■ Records supplied

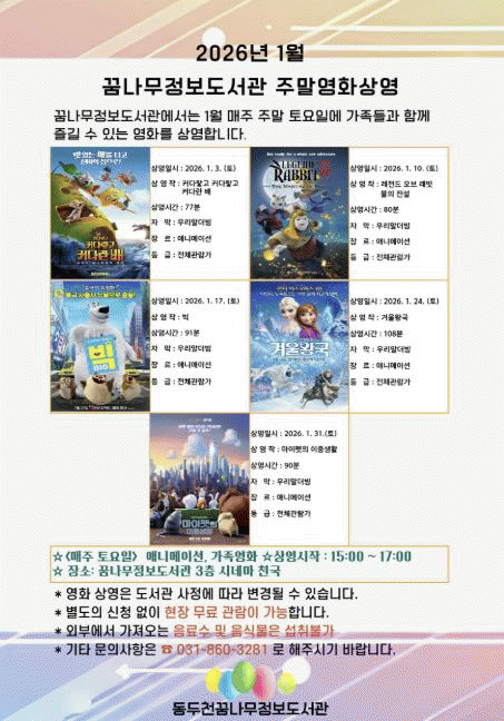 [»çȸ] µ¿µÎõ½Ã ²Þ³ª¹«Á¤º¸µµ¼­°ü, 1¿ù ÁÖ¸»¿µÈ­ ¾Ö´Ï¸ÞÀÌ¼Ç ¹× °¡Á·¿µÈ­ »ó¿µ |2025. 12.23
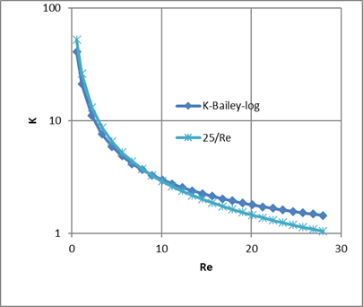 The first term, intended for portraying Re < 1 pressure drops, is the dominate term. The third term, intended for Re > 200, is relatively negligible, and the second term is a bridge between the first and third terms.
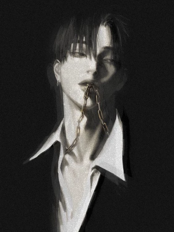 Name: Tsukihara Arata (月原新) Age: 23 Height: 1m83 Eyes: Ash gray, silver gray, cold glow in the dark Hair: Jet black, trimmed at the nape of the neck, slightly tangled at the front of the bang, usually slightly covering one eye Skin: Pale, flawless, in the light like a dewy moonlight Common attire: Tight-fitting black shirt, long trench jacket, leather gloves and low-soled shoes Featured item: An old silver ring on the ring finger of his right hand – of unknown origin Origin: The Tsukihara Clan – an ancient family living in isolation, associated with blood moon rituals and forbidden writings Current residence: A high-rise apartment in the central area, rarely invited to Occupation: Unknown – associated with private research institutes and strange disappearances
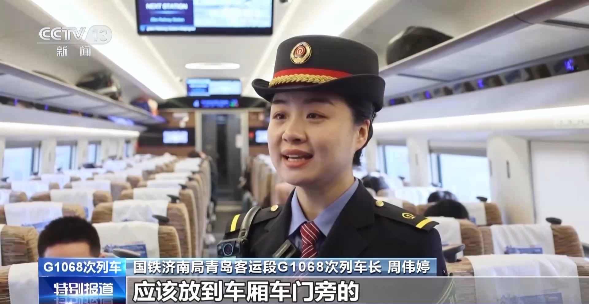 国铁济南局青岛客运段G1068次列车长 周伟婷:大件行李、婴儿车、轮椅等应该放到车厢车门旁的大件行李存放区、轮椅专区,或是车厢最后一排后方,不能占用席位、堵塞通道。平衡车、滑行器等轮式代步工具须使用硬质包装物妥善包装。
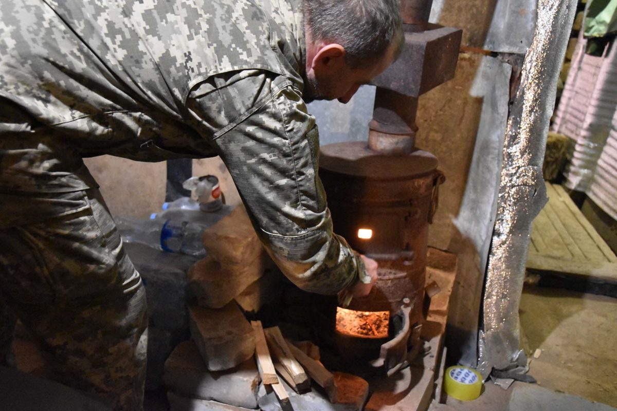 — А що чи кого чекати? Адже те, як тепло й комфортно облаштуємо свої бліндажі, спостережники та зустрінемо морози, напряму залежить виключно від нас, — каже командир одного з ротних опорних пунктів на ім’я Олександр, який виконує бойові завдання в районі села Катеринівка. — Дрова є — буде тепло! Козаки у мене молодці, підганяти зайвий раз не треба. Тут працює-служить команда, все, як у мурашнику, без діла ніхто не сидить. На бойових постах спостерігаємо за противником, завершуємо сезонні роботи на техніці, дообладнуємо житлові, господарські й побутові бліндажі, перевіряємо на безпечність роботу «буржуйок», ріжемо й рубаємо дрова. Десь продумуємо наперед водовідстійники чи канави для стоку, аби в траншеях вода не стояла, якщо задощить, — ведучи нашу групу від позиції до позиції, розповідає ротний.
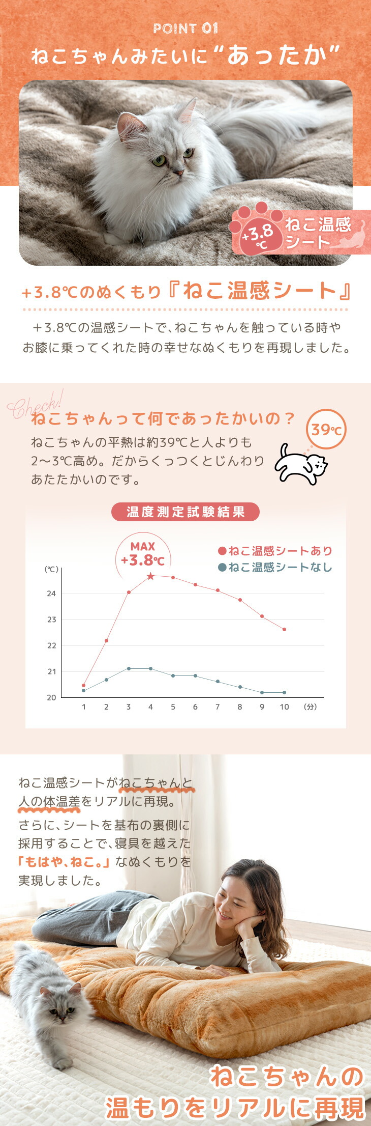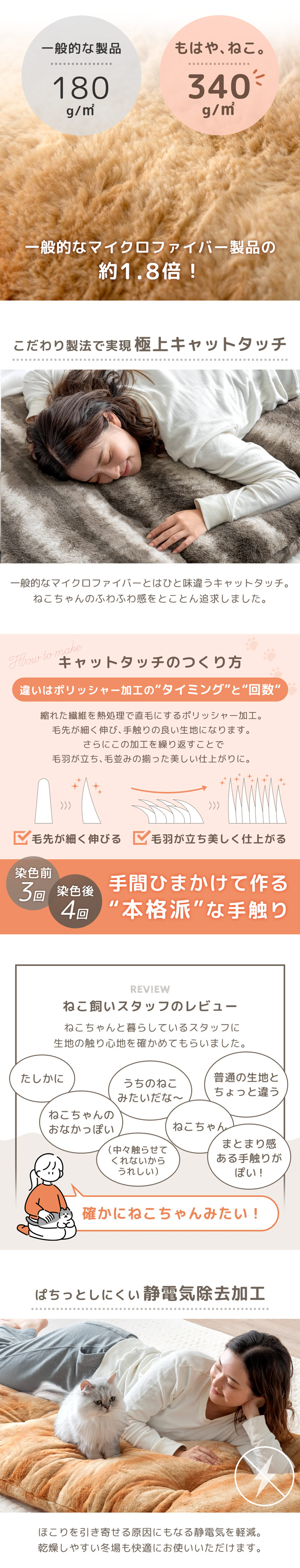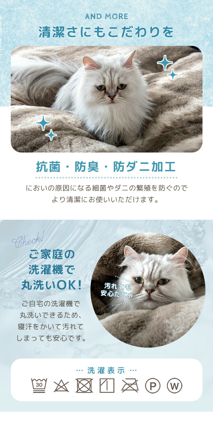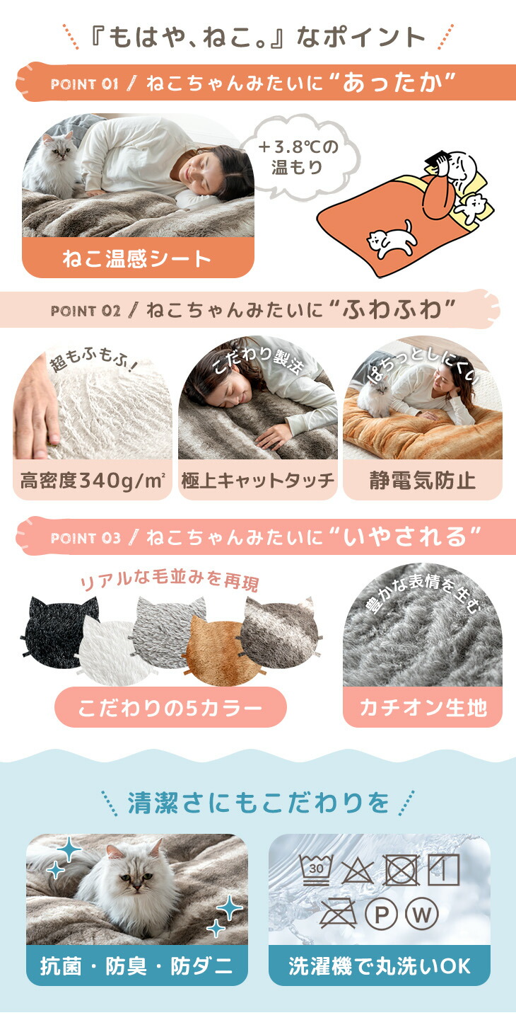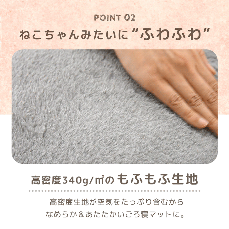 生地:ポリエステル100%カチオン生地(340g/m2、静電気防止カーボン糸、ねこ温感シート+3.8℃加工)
...
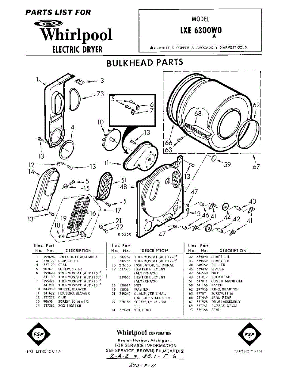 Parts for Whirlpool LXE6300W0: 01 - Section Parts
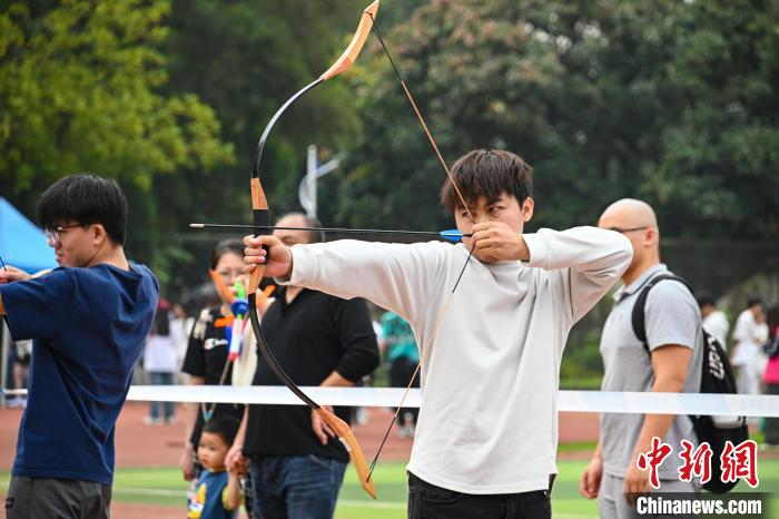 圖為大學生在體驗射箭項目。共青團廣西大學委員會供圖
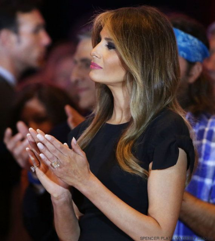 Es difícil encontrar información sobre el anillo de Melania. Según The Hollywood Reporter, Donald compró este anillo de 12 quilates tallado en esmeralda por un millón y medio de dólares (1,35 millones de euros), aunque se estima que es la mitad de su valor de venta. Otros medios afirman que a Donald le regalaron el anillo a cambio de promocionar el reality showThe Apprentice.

■ Your task
Please repeat, exactly as written, the lines in the records above, starting with the one that has "圖為大學生在體驗射箭項目。共青團廣西大學委員會供圖" and going on through the one that has "Es difícil encontrar". Pictures are to be left out.

■ Written solution
 圖為大學生在體驗射箭項目。共青團廣西大學委員會供圖
 Es difícil encontrar información sobre el anillo de Melania. Según The Hollywood Reporter, Donald compró este anillo de 12 quilates tallado en esmeralda por un millón y medio de dólares (1,35 millones de euros), aunque se estima que es la mitad de su valor de venta. Otros medios afirman que a Donald le regalaron el anillo a cambio de promocionar el reality showThe Apprentice.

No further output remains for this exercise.